La crise agraire africaine présente plusieurs dimensions interdépendantes : crise de la productivité, des régimes fonciers, de l’écosystème, et crise rurale. La manifestation la plus pernicieuse se trouve dans l’exode des jeunes ruraux provoqué davantage par la paupérisation que par les perspectives d’une vie meilleure en ville ou à l’étranger.
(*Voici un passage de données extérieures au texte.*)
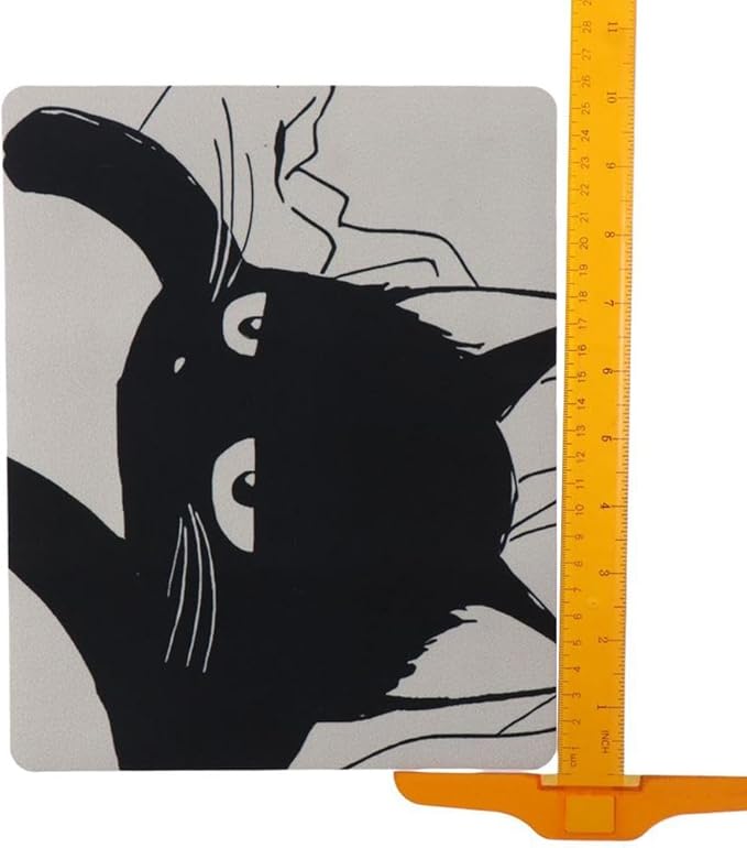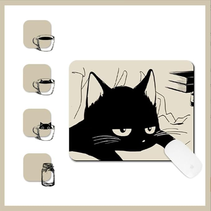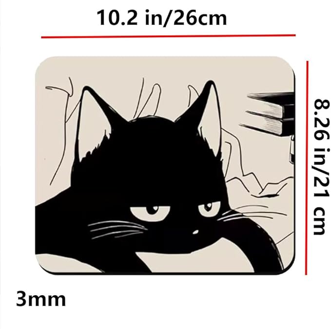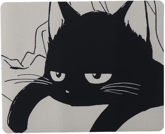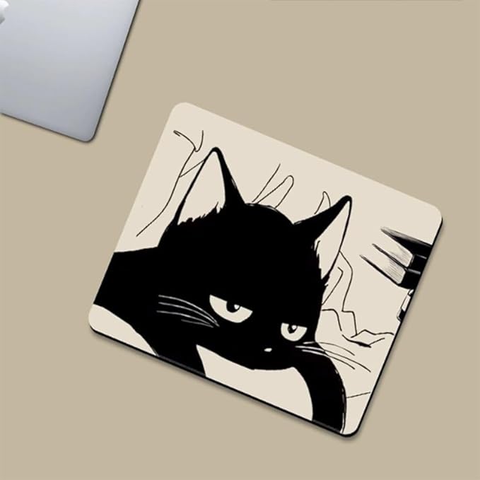 黒くて眠そうな猫のマウスパッド、かわいいアニメ オフィスコンピュータ 滑り止めゴムベース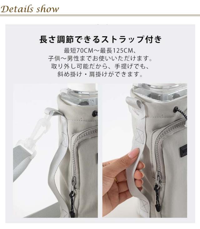 | 手提げ/斜め掛け/肩掛け3way ボトルショルダー+スマホポーチ 撥水生地 男女兼用 【同色/異色選べる2個セット】 <お勧めポイント> ■巾着式 直径9cmまでのボトルに対応できます。 巾着式だから、移動中に水筒の飛び出しことが防げます。 ■ファスナーポーチ付き スマホ・スマートキー・リップなど小物入れて、これ一つでおでかけ! 公園遊び・水遊び・犬のお散歩・送迎・お買い物…ちょっとしたお出かけの時に便利! ■長さ調節できるストラップ付き 最短70cm〜最長125cm、子供〜男性までお使いいただけます。 取り外し可能だから、手提げでも、斜め掛け・肩掛けができます。 ■撥水生地 撥水加工されており、汚れた場合はサッと拭いて清潔に◎ ■落ち着いたくすみカラー 男女兼用のシンプルカラー | |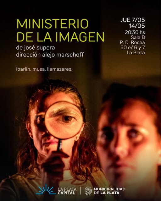 La obra “El Ministerio de la Imagen” vuelve a escena los jueves 7 y 14 de mayo a las 20:30 en la sala B del Pasaje Dardo Rocha, con un elenco integrado por María Ibarlin, Adriana Llamazares y Omar Musa. Con dramaturgia de José Supera y dirección de Alejo Marschoff, la propuesta combina actuación, recursos audiovisuales y una puesta estética que dialoga con el mundo contemporáneo.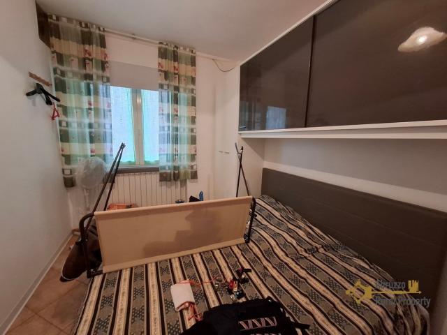 From the living room we can reach the sleeping area where we find a hallway with a pellet stove connected to the central heating system. Proceeding we find a full bathroom with bathtub, the master bedroom and a second double bedroom both with access to a long balcony overlooking the garden.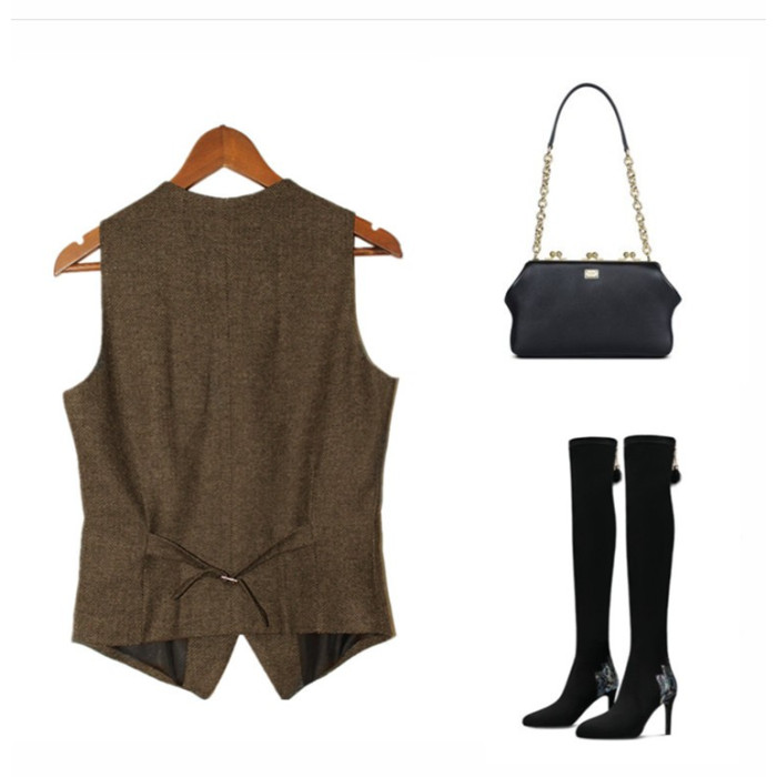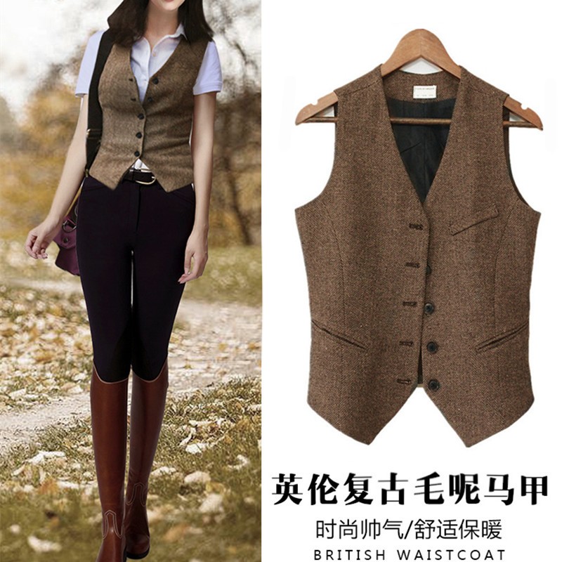 英倫風秋冬時尚馬甲女外穿百搭復古女生毛呢短款休閒大碼馬夾背心

Dans les approches néolibérales qui inspirent ou justifient les pseudo-solutions mises en œuvre depuis plus de trois décennies, la croissance mondiale du produit agricole doit être l’objectif prioritaire des politiques agricoles dans tous les pays. Les exploitations agricoles du quart monde, du monde occidental et des pays dits émergents doivent être mises en concurrence dans le cadre de la soumission aux oligopoles mondialisés et financiarisés de l’agrobusiness qui exigent partout la privatisation des droits d’accès au sol agricole. Or la crise s’aggrave depuis que les acteurs puissants du système ont imposé aux sociétés africaines les accords de l’OMC et bilatéraux qui les obligent à renoncer à la recherche de la souveraineté alimentaire nationale ou sous-régionale et à inscrire les exploitations paysannes dans les chaînes de valeurs visant à en évincer le plus grand nombre et à transformer les autres en salariés occasionnels sous-payés.
L’option de développement durable et solidaire permet aux auteurs de ce livre de soumettre au débat des analyses qui proposent des transformations sociales fondées sur trois principes : une démocratisation des sociétés rurales qui intègre l’égalité des sexes et la participation effective des producteurs agricoles au débat sur les dimensions agroalimentaires et agroécologiques des choix économiques et sociaux ; la construction de systèmes agroalimentaires souverains dans un monde polycentrique ; et le refus de considérer la privatisation des droits d’accès aux sols agricoles et leur transformation en marchandise banale comme des conditions fondamentales de la solution à la crise agraire. Dans cette option, le marché régulé et la planification ne sont plus que des moyens de réaliser les objectifs.
Bernard Founou-Tchuigoua, Docteur d’Etat ès-sciences économiques (Université Paris VIII), est directeur de recherche au Forum du Tiers Monde après avoir été professeur à l’IDEP. Il est membre-fondateur du Comité scientifique du CODESRIA et d’Alternatives Sud. Il est auteur ou codirecteur de plusieurs ouvrages dont Migrations internationales de travail et insécurités humaines (2009) ; Essais en l’honneur de Samir Amin (2003) ; Crise africana : Alternativas (1997) ; L’Afrique face aux ravages du capitalisme sauvage (1996) ; L’Afrique et le monde arabe ou l’échec de l’insertion internationale (1995) ; L’agriculture africaine dans ses relations avec l’Etat (1990) ; Fondements de l’économie de traite au Sénégal (1981).
Abdourahmane Ndiaye, Docteur en économie, est chercheur au CNRS, UMR 5185, et chargé d’enseignement à l’IUT Bordeaux III et à l’Université de Paris-Sud au Master 2. Il a enseigné l’économie à l’Université de Dakar (UCAD) de 1993 à 2003 et a été Maître de conférences associé à Bordeaux III de 2004 à 2010. Il a publié en 2011 L’économie sociale et solidaire : animation et dynamiques des territoires (L’Harmattan) et « Gouverner par les normes environnementales : jeux d’acteurs et de puissance autour de la certification forestière » avec P. Tozzi & S. Guéneau in Espaces & Sociétés, et en 2009 : « Les enjeux d’une réforme foncière » in T. Dahou(ed), Libéralisation et politique agricole au Sénégal, Karthala/CREPOS/ENDA.